Segment Start: Available data

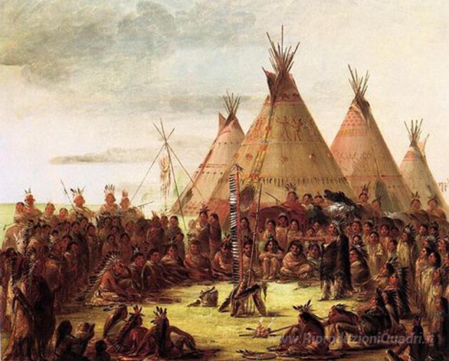 Ti offriamo una riproduzione artigianale su tela dell'opera famosa 'Consiglio di Guerra Sioux' di George Catlin, dal Museo delle Riproduzioni.
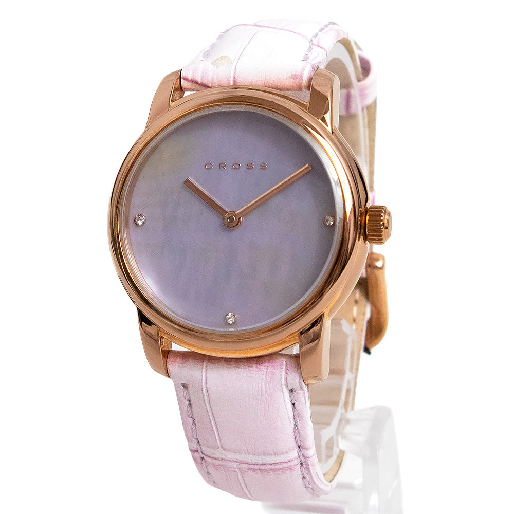 【新品・未使用品】クロス CROSS 腕時計 クォーツ ステンレススチール レザー ミネラルクリスタル パープルパール ピンクゴールド シェル文字盤 CR9038-03 箱付
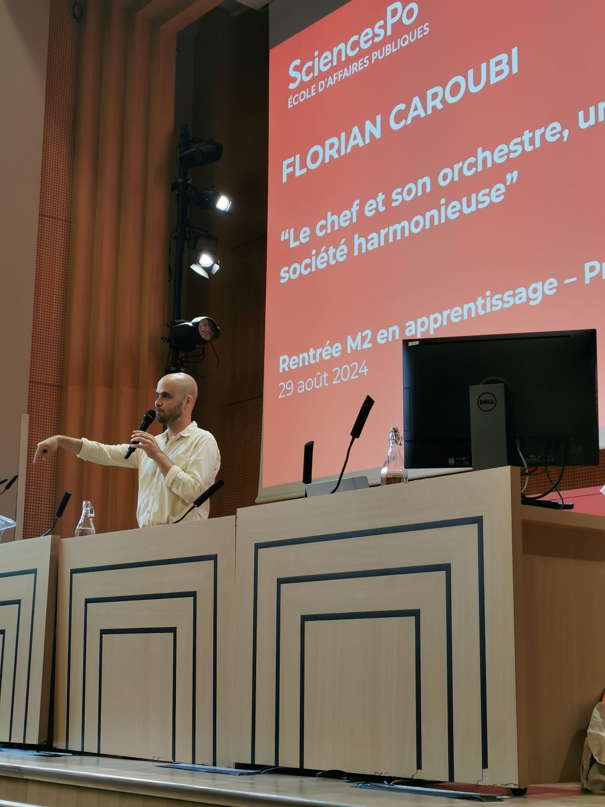 Jeudi 29 août et vendredi 30 août 2024, dans le cadre de leurs journées de rentrée, les apprentis ont d’abord rencontré Florian Caroubi, chef d’orchestre et pianiste, professeur aux conservatoires nationaux supérieurs de musique et de danse de Lyon et de Paris. Sa conférence intitulée "Le chef et son orchestre, une analogie pour une société harmonieuse" visait, en nous faisant entrer dans les coulisses d’un orchestre, à établir des parallèles féconds entre la position du chef d’orchestre et celle du manager. Ses propos ont résonné avec les expériences des apprentis en stage et résonneront cette année dans leurs relations avec leur manager ou, plus tard, dans leur propre position à la tête d’une équipe. La musique de Gustav Mahler dans l’amphithéâtre Émile Boutmy restera un temps fort de cette rentrée !
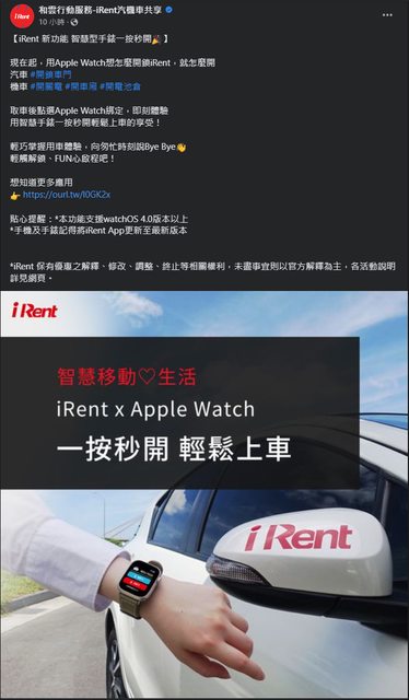 標題[閒聊] iRent新版支援Apple Watch開關電/車廂等

Segment End: Available data

Exercise goal: Please copy the data shown above, line by line and exactly, omitting the images.

Output of the exercise:
 Ti offriamo una riproduzione artigianale su tela dell'opera famosa 'Consiglio di Guerra Sioux' di George Catlin, dal Museo delle Riproduzioni.
 【新品・未使用品】クロス CROSS 腕時計 クォーツ ステンレススチール レザー ミネラルクリスタル パープルパール ピンクゴールド シェル文字盤 CR9038-03 箱付
 Jeudi 29 août et vendredi 30 août 2024, dans le cadre de leurs journées de rentrée, les apprentis ont d’abord rencontré Florian Caroubi, chef d’orchestre et pianiste, professeur aux conservatoires nationaux supérieurs de musique et de danse de Lyon et de Paris. Sa conférence intitulée "Le chef et son orchestre, une analogie pour une société harmonieuse" visait, en nous faisant entrer dans les coulisses d’un orchestre, à établir des parallèles féconds entre la position du chef d’orchestre et celle du manager. Ses propos ont résonné avec les expériences des apprentis en stage et résonneront cette année dans leurs relations avec leur manager ou, plus tard, dans leur propre position à la tête d’une équipe. La musique de Gustav Mahler dans l’amphithéâtre Émile Boutmy restera un temps fort de cette rentrée !
 標題[閒聊] iRent新版支援Apple Watch開關電/車廂等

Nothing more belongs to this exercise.